Food & Culture Tours

Beyond just eating, consider taking a tour to unlock the stories and history behind Myrtle Beach’s famous foods. Options include:

Gullah Heritage Tour

This half-day tour includes a Lowcountry cooking class exploring Gullah cuisine, followed by a meal at a traditional Gullah restaurant. Learn how the Gullah community and West African influences shaped Southern lowcountry cooking.

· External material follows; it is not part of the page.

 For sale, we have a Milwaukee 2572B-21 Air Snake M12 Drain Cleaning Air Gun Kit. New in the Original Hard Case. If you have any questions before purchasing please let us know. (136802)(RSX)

Foods of the Grand Strand Tour

Sample several spots for hyper-local specialties on this guided culinary walking tour of Myrtle Beach. You’ll learn about the city’s food culture while tasting everything from barbecue to boiled peanuts.

Farm to Table Experience

Tour and lunch at a historic local farm specializing in heirloom Southern crops like Carolina Gold rice and Sea Island red peas. Gain insight into how Myrtle Beach’s cuisine is intimately connected to South Carolina’s agricultural roots.

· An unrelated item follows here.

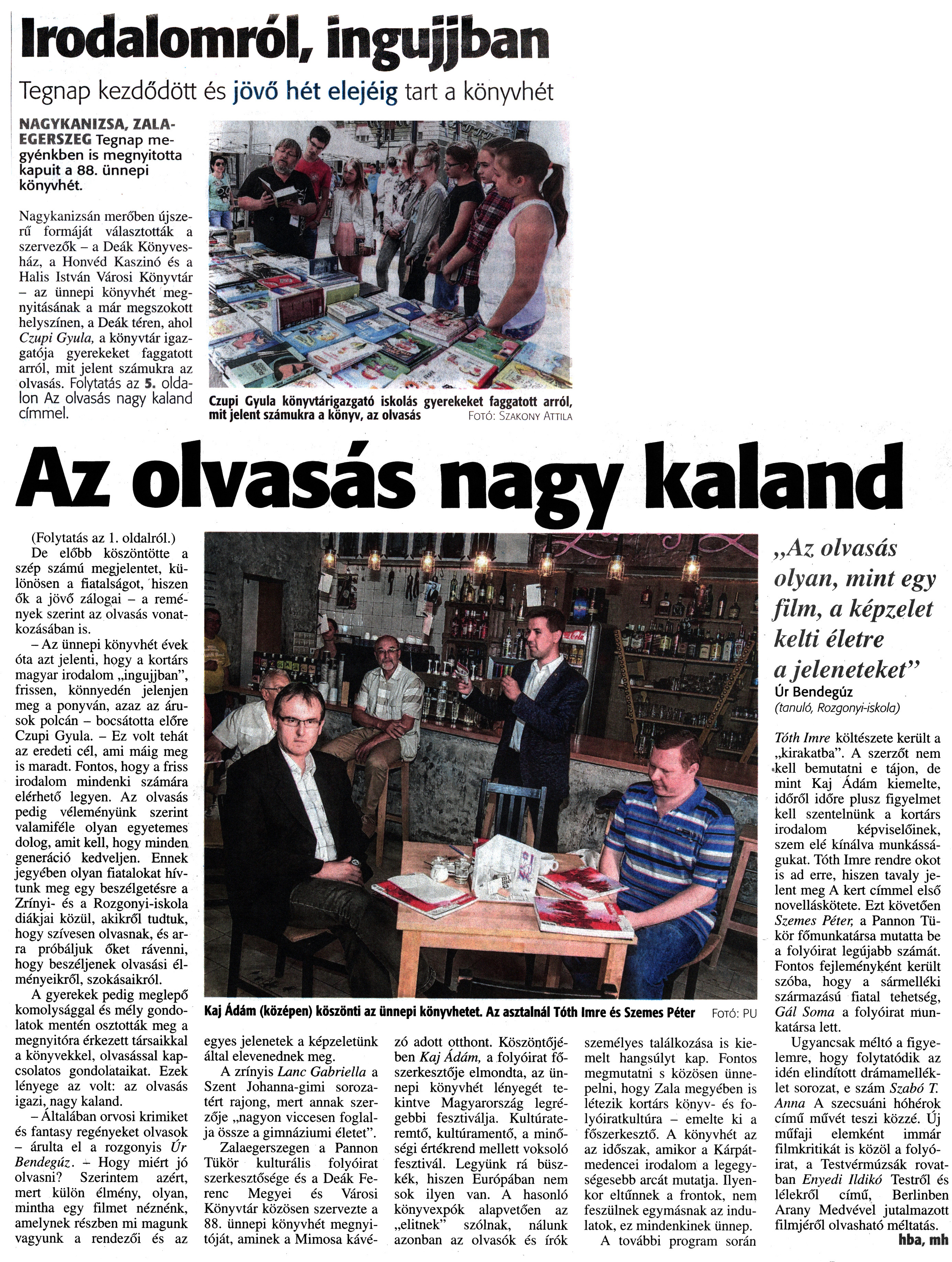 Nyilvános 2066 | 4447 | Zalai Hírlap 2017. június 9. 132. szám 1, 5. oldal - Ünnepi Könyvhét | Irodalomról, ingujjban Tegnap kezdődött és jövő hét elejéig tart a könyvhét NAGYKANIZSA, ZALAEGERSZEG Tegnap megyénkben is megnyitotta kapuit a 88. ünnepi könyvhét. Nagykanizsán merőben újszerű formáját választották a szervezők - a Deák Könyvesház, a Honvéd Kaszinó és a Halis István Városi Könyvtár - az ünnepi könyvhét megnyitásának a már megszokott helyszínen, a Deák téren, ahol Czupi Gyula, a könyvtár igazgatója gyerekeket faggatott arról, mit jelent számukra az olvasás. Folytatás az 5. oldalon Az olvasás nagy kaland Czupi Gyula könyvtárigazgató iskolás gyerekeket faggatott arról, címmel. mit jelent számukra a könyv, az olvasás Fotó: Szakony Attila Az olvasás nagy kaland (Folytatás az 1. oldalról.) De előbb köszöntötte a szép számú megjelentet, különösen a fiatalságot, hiszen ők a jövő zálogai - a remények szerint az olvasás vonatkozásában is. - Az ünnepi könyvhét évek óta azt jelenti, hogy a kortárs magyar irodalom „ingujjban", frissen, könnyedén jelenjen meg a ponyván, azaz az árusok polcán - bocsátotta előre Czupi Gyula. - Ez volt tehát az eredeti cél, ami máig meg is maradt. Fontos, hogy a friss irodalom mindenki számára elérhető legyen. Az olvasás pedig véleményünk szerint valamiféle olyan egyetemes dolog, amit kell, hogy minden generáció kedveljen. Ennek jegyében olyan fiatalokat hívtunk meg egy beszélgetésre a Zrínyi- és a Rozgonyi-iskola diákjai közül, akikről tudtuk, hogy szívesen olvasnak, és arra próbáljuk őket rávenni, hogy beszéljenek olvasási élményeikről, szokásaikról. A gyerekek pedig meglepő komolysággal és mély gondolatok mentén osztották meg a megnyitóra érkezett társaikkal a könyvekkel, olvasással kapcsolatos gondolataikat. Ezek lényege az volt: az olvasás igazi, nagy kaland. - Általában orvosi krimiket és fantasy regényeket olvasok - árulta el a rozgonyis Úr Bendegúz. - Hogy miért jó olvasni? Szerintem azért, mert külön élmény, olyan, mintha egy filmet néznénk, amelynek részben mi magunk vagyunk a rendezői és az egyes jelenetek a képzeletünk által elevenednek meg. A zrínyis Lanc Gabriella a Szent Johanna-gimi sorozatért rajong, mert annak szerzője „nagyon viccesen foglalja össze a gimnáziumi életet". Zalaegerszegen a Pannon Tükör kulturális folyóirat szerkesztősége és a Deák Ferenc Megyei és Városi Könyvtár közösen szervezte a 88. ünnepi könyvhét megnyitóját, aminek a Mimosa kávézó adott otthont. Köszöntőjében Kaj Ádám, a folyóirat főszerkesztője elmondta, az ünnepi könyvhét lényegét tekintve Magyarország legrégebbi fesztiválja. Kultúrateremtő, kultúramentő, a minőségi értékrend mellett voksoló fesztivál. Legyünk rá büszkék, hiszen Európában nem sok ilyen van. A hasonló könyvexpók alapvetően az „elitnek" szólnak, nálunk azonban az olvasók és írók személyes találkozása is kiemelt hangsúlyt kap. Fontos megmutatni s közösen ünnepelni, hogy Zala megyében is létezik kortárs könyv- és folyóiratkultúra - emelte ki a főszerkesztő. A könyvhét az az időszak, amikor a Kárpátmedencei irodalom a legegységesebb arcát mutatja. Ilyenkor eltűnnek a frontok, nem feszülnek egymásnak az indulatok, ez mindenkinek ünnep. A további program során Tóth Imre költészete került a „kirakatba". A szerzőt nem kell bemutatni e tájon, de mint Kaj Ádám kiemelte, időről időre plusz figyelmet kell szentelnünk a kortárs irodalom képviselőinek, szem elé kínálva munkásságukat. Tóth Imre rendre okot is ad erre, hiszen tavaly jelent meg A kert címmel első novelláskötete. Ezt követően Szemes Péter, a Pannon Tükör főmunkatársa mutatta be a folyóirat legújabb számát. Fontos fejleményként került szóba, hogy a sármelléki származású fiatal tehetség, Gál Soma a folyóirat munkatársa lett. Ugyancsak méltó a figyelemre, hogy folytatódik az idén elindított drámamelléklet sorozat, e szám Szabó T. Anna A szecsuáni hóhérok című művét teszi közzé. Új műfaji elemként immár filmkritikát is közöl a folyóirat, a Testvérmúzsák rovatban Enyedi Ildikó Testről és lélekről című, Berlinben Arany Medvével jutalmazott filmjéről olvasható méltatás. hba, mh |

Iconic Dishes from Other Coastal Southern Destinations

While each city has its own specialties, several iconic Southern coastal dishes span the region. Here are some other foods you may enjoy on a trip through the lowcountry:

Beaufort, SC

– Lowcountry boil
– Shrimp burgers
– Pecan pie

Savannah, GA

– Chicken and waffles
– Shrimp and grits
– Peach cobbler

Charleston, SC

– She crab soup
– Benne wafers
– Huguenot torte

Wilmington, NC

– Calabash seafood
– Brunswick stew
– Sweet potato pie

Jacksonville, FL

– Fresh local seafood
– Cuban sandwiches
– Key lime pie


From just-off-the-boat seafood to Southern comfort classics, Myrtle Beach’s food scene reflects its seaside setting and regional lowcountry cuisine. Fried fish, she crab soup, shrimp and grits, and pulled pork barbecue rank among the city’s most iconic foods. Sweet treats like shaved ice and saltwater taffy provide nostalgic boardwalk snacking. And local specialties like Frogmore stew showcase the area’s distinctive flavors. Visiting Myrtle Beach isn’t complete without sampling its famous fare. So come hungry, and prepare your taste buds for the culinary adventure of a lifetime along South Carolina’s sunny shores.